In 1998, Dibble joined ESPN as a baseball analyst, working mostly on Dan Patrick's radio show. He worked on The Best Damn Sports Show Period as a co-host until 2008, when he left to join Fox Sports on their Saturday baseball program as an analyst. Dibble also spends time as a co-host/analyst of First Pitch on XM Channel 175/Sirius channel 210. He formerly hosted The Show (on the same channel) with Jody McDonald. Dibble served as co-analyst (with Kevin Kennedy) for FoxSports.com on a weekly video segment entitled "Around the Bases." Dibble also was a co-host with former Major League player Denny Hocking on Fox Sports Radio Sunday night programming.
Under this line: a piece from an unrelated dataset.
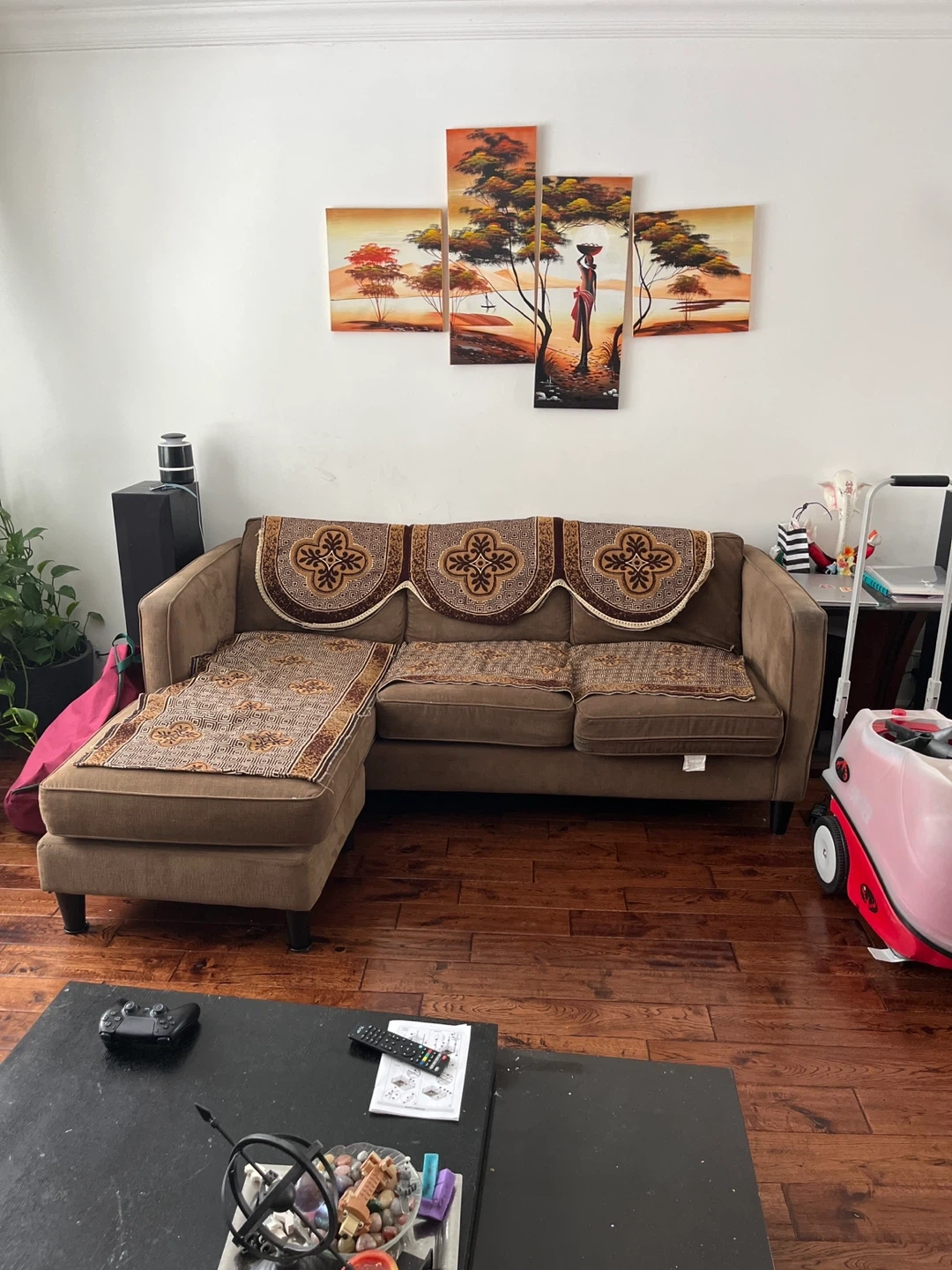 Selling a comfortable brown sectional sofa with an ottoman. It's in good condition and would be a great addition to any living room!

In 2009, Dibble signed a three-year contract to replace Don Sutton as the color voice of the Washington Nationals on MASN. While broadcasting a game in August 2010, Dibble drew negative attention for focusing on a group of female spectators in the Nationals crowd and questioning their focus on the game. He later apologized for the comments. Later in the month, Dibble criticized Nationals rookie pitcher Stephen Strasburg for missing a start due to an injury: "Suck it up, kid. This is your profession. You chose to be a baseball player. You can't have the cavalry come in and save your butt every time you feel a little stiff shoulder, sore elbow." It was revealed shortly afterward that Strasburg had torn an elbow ligament and required Tommy John surgery. Dibble took a few days off from MASN after making the comments. On September 1, 2010, MASN announced that Dibble would no longer be calling Nationals games. After losing his job with the Nationals, Dibble apologized for the Strasburg comments on his radio show. In April 2011, Dibble said in an interview on FoxSports.com that the reason for his dismissal was because of an email Strasburg's father sent to the Lerner Family, the owners of the Nationals. Dibble also continued to express his belief that Strasburg should have pitched through his pain. Strasburg denied the claim about his father's e-mail, and Nationals president Stan Kasten called Dibble's account "fictional" and "sad".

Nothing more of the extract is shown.